Understanding Semantic Automation :
The integration of automation into businesses and their daily operations is not a new story. But the advancements and the increase in the capabilities of software robots is a story that changes every day. Semantic intelligence is when robots understand what is expected from them and learn to deliver exactly that all by themselves. Robots will be able to perform a required task by rallying the list of instructions by themselves. While it is no surprise that robots are getting more intelligent every day, this additional ability to interpret and implement is what makes semantic automation all the more appealing.
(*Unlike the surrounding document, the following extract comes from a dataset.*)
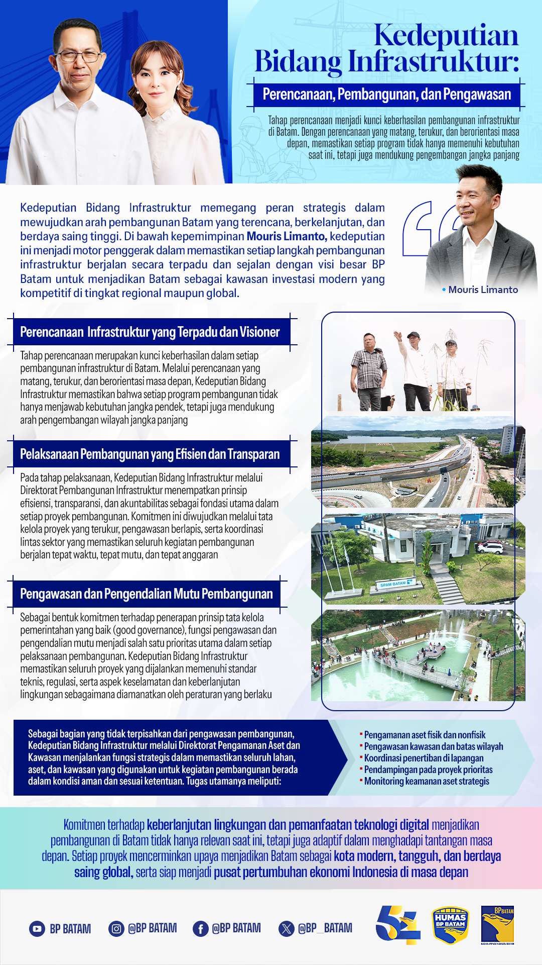 The Deputy for Infrastructure plays a strategic role in realizing the direction of Batam’ s planned, sustainable and highly competitive development. Under the leadership of Mouris Limanto, this deputyship is the driving force in ensuring that every step of infrastructure development is integrated and in line with BP Batam’s big vision to make Batam a modern investment area that is competitive at the regional and global levels.

In brief, semantic automation is a robot following orders without asking for directions. This is especially impressive when we consider the amount of time that is saved. A robot will be skilled enough to find similarities between its current understanding of processes and the task ahead. This human-like intelligence of comprehension is what sets semantic automation apart. Although semantic intelligence does not grant complex problem-solving skills, it surely does allow processes to be automated beyond a single set of functions. Machines will indeed know how to store, administer, and lookup information based on logical connections they made by themselves.
How do Semantic Automation and Semantic Intelligence Work?
The three pillars on which semantic automation and intelligence primarily operate are –
- Knowledge Graphs –
To understand the overall idea of a knowledge graph, we should first understand ontology. Ontology is basically a set of concepts that are linked together through logical connections. A knowledge graph is when the ontology is leveraged to retrieve information by using a reasoner. Semantic automation directly uses knowledge graphs to understand how to perform a required task. This is required to arrive at the context for a given data to simplify the process of analyzing the same.
- Artificial Intelligence –
Artificial Intelligence is when machines learn how to replicate human intelligence. In the context of semantic automation, artificial intelligence is observed when robots perform tasks by leveraging existing knowledge to execute completely new processes.
- Natural Language Processing (NLP) –
Natural Language Processing is when human communication is analyzed and interpreted by machines. Semantic automation is especially dependent on NLP to understand previous and latest commands. The implementation of earlier processes will be understood, and new commands will be executed by finding logical connections between them.
How Can Semantic Automation Transform Your Business?
Semantic Automation is the next step that uses the existing forms of automation to reduce required human interference. The necessity to code and layout detailed instructions for robots to understand the relationship between data and execution is reduced. Semantic automation is not reliant on stability. It can be rather reliable, especially when multiple changes are being made. Semantic automation will allow robots to adapt accordingly.